Table 3. Volumetric breast density estimates in overall population (n = 992).

Fig 1 shows the agreement between the volumetric measures in Bland-Altman plots. Volpara consistently gave lower percent dense volume and absolute dense volume estimates than Quantra. The mean difference (bias) between the methods (Quantra-Volpara) was 5.19% (95% CI: 5.04–5.34) for percent dense volume and 24.1 cm3 (95% CI: 22.0–26.3) for dense volume. Compared with the Volpara measurement, the Quantra estimate of percent dense volume is expected to range between +0.5% and +9.9% in 95% of the measurements (limits of agreement). The Pearson’s r and the ICC were 0.91 (95% CI: 0.90–0.92) and 0.64 (95% CI: -0.07–0.88), respectively. The limits of agreement of absolute dense volume were -43.6 cm3 and +91.9 cm3, with a Pearson’s r of 0.82 (95% CI: 0.80–0.84) and an ICC of 0.55 (95% CI: 0.24–0.72).

Fig 1. Bland-Altman plots comparing Quantra and Volpara absolute dense volume (a) and percent dense volume (b).

BI-RADS and volumetric breast density

Table 4 shows the volumetric breast density according to BI-RADS density category. For both measures, there was a clear increase in volumetric breast density as BI-RADS density increased: median estimates increased from 3.6% (IQR 3.1–4.4) to 19.3% (IQR 15.1–23.5) with Volpara and from 8.5% (IQR 7.6–9.9) to 23.1% (IQR 19.6–26.8) with Quantra. In addition, the VDG distribution was comparable to the BI-RADS density distribution (κw: 0.80, 95% CI: 0.77–0.82; proportion agreement: 65.4%) (S1 Table). Volpara and Quantra did not agree on the association between BI-RADS density and absolute dense volume: a positive association was observed with Volpara, whereas Quantra estimates of absolute dense volume did not appear to be associated with the BI-RADS classification.

Table 4. Percent dense volume and absolute dense volume by BI-RADS density category and by age group.

The ROC analyses on predicting the presence of BIRADS c+d (high density) with percent dense volume resulted in the following area under the curve (AUC) values: 0.948 (95% CI: 0.935–0.960) with Volpara and 0.948 (95% CI: 0.935–0.961) with Quantra (S1 Fig). The highest accuracy was observed with a cut-off value of 8.0% for Volpara (sensitivity = 84%, specificity = 91%) and 13.8% for Quantra (sensitivity = 82%, specificity = 92%).
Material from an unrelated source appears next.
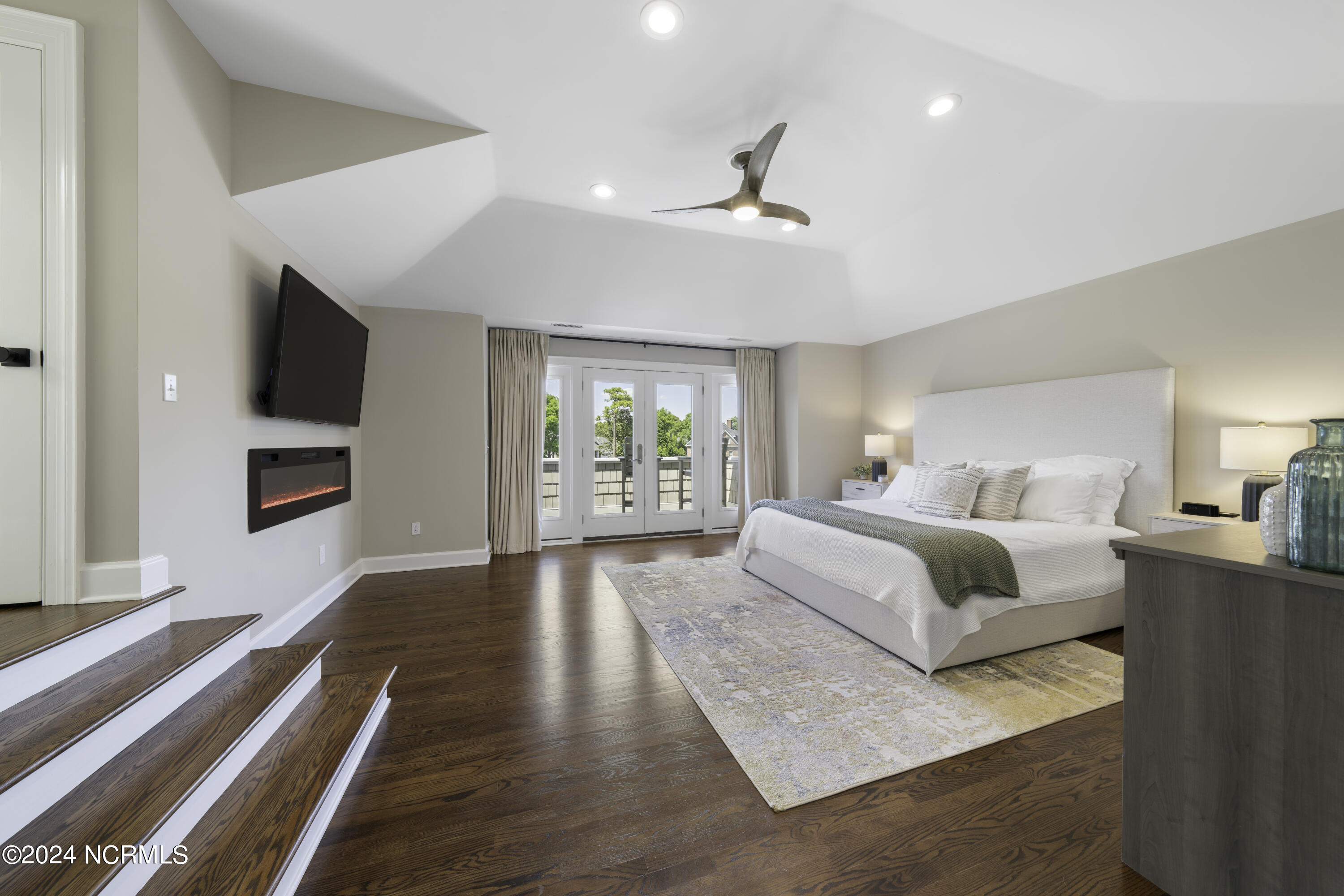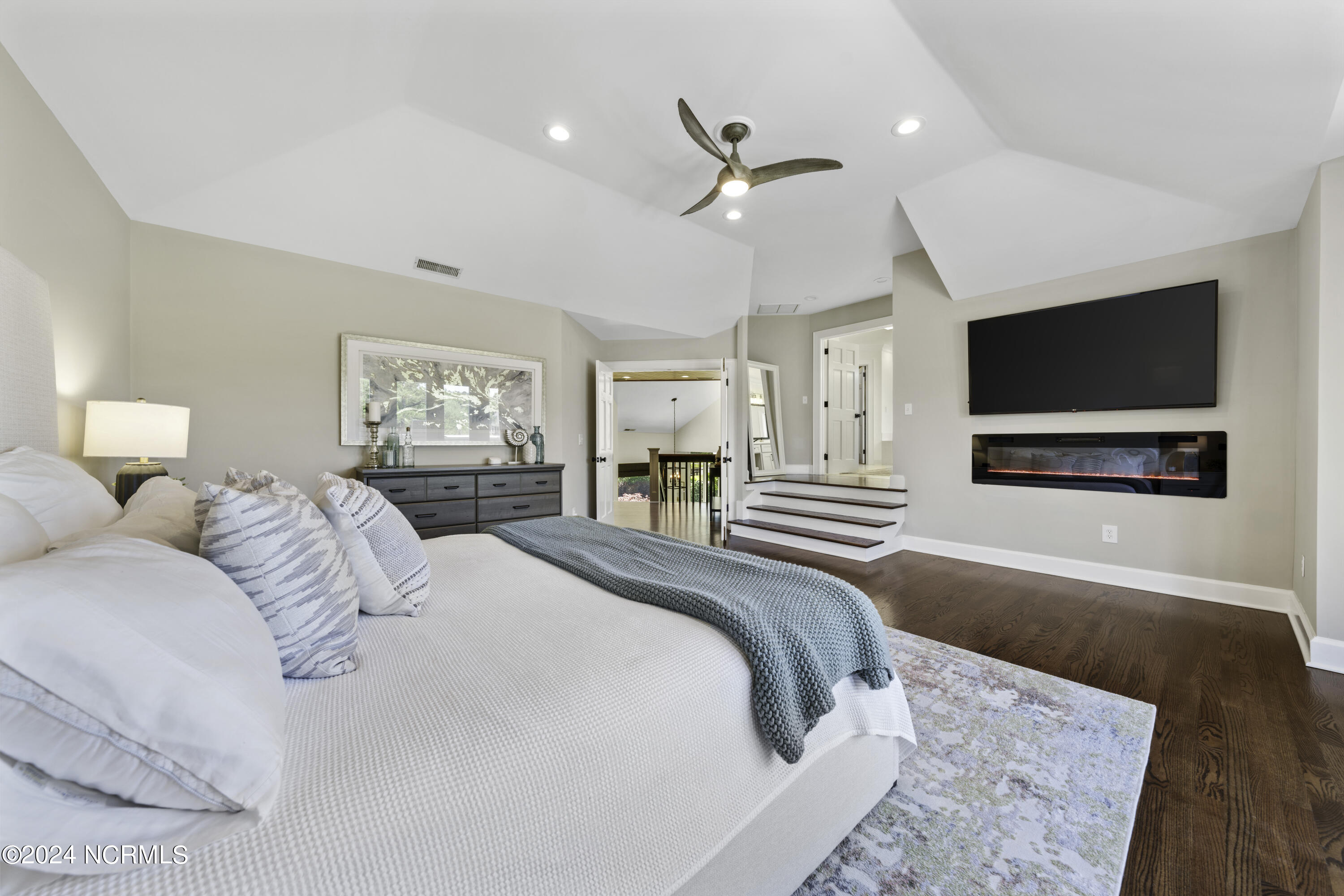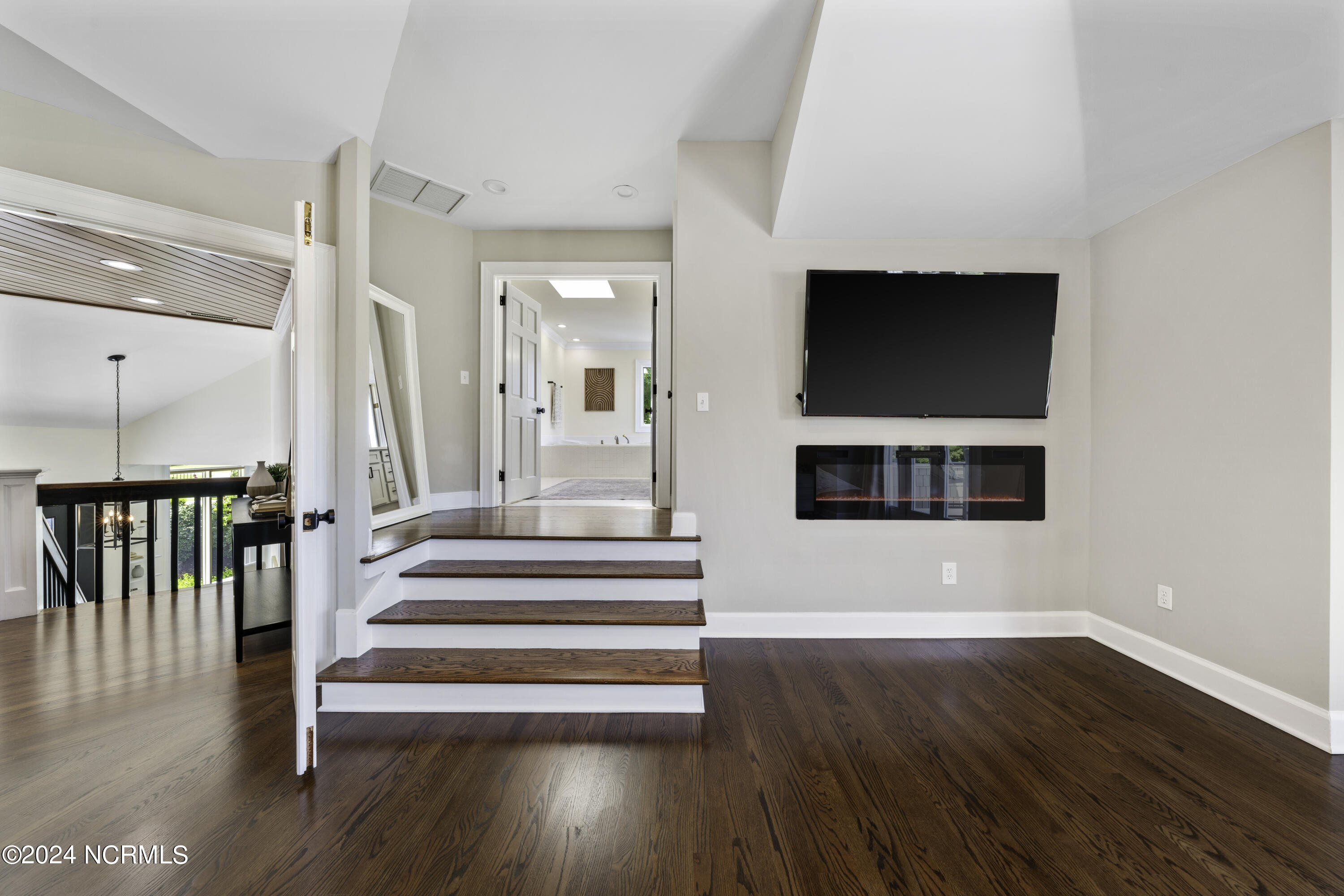 The upstairs includes 2 guest bedrooms and the primary suite. The luxurious primary retreat features a glass fireplace, custom closet, steam shower, new vanity, and a private balcony with impact-resistant doors.

The median age at examination was 59 years (IQR: 54–64). The median percent dense volume, Volpara and Quantra estimates, appeared to decrease with age (Table 4). The association between age and absolute dense volume was less pronounced in this population, with no clear pattern for the Quantra measurements and a slight decrease with Volpara. The percentage of women with ‘heterogeneously’ or ‘extremely’ dense breasts according to the BI-RADS density classification was lower for women in the highest age group (≥69y) compared to women in lowest age group (49–58y) (17.4% vs. 50.1%). A similar association between age and VDG was observed (23.5% vs. 53.4%).


We studied three different methods to assess breast density, namely the BI-RADS density scale and two software programs (Quantra and Volpara). Quantra gave higher estimates of percent dense volume and absolute dense volume than Volpara. There was a positive association between percent dense volume and the BI-RADS density scale for both programs. In addition, the VDG (Volpara measure) seemed to be a good approximation of BI-RADS density in our study. Absolute dense volume only appeared to be associated with BI-RADS density when using the Volpara estimates. These density measures may potentially be used in the evaluation of screening performance and to identify risk groups.

Although other studies used older editions of the BI-RADS classification, the intra- and inter-observer reliability estimates in our study appeared to be similar to previous findings [10, 2832]. The κw tends to suggest ‘good’ to ‘very good’ reliability based on the Landis and Koch guidelines, even though these categories may be somewhat arbitrary. The proportions of agreement improved after the consensus meeting (data not shown), but there are still relatively large discrepancies between the radiologists (up to 32.4% for observer 2 vs. 3). For this reason, density assessment by individual radiologists is not useful for selecting women for future alternative screening regimens in population-based organised breast cancer screening programmes or risk management. Furthermore, the intra- and inter-rater variability may differ between radiologists, for example based on experience level [33].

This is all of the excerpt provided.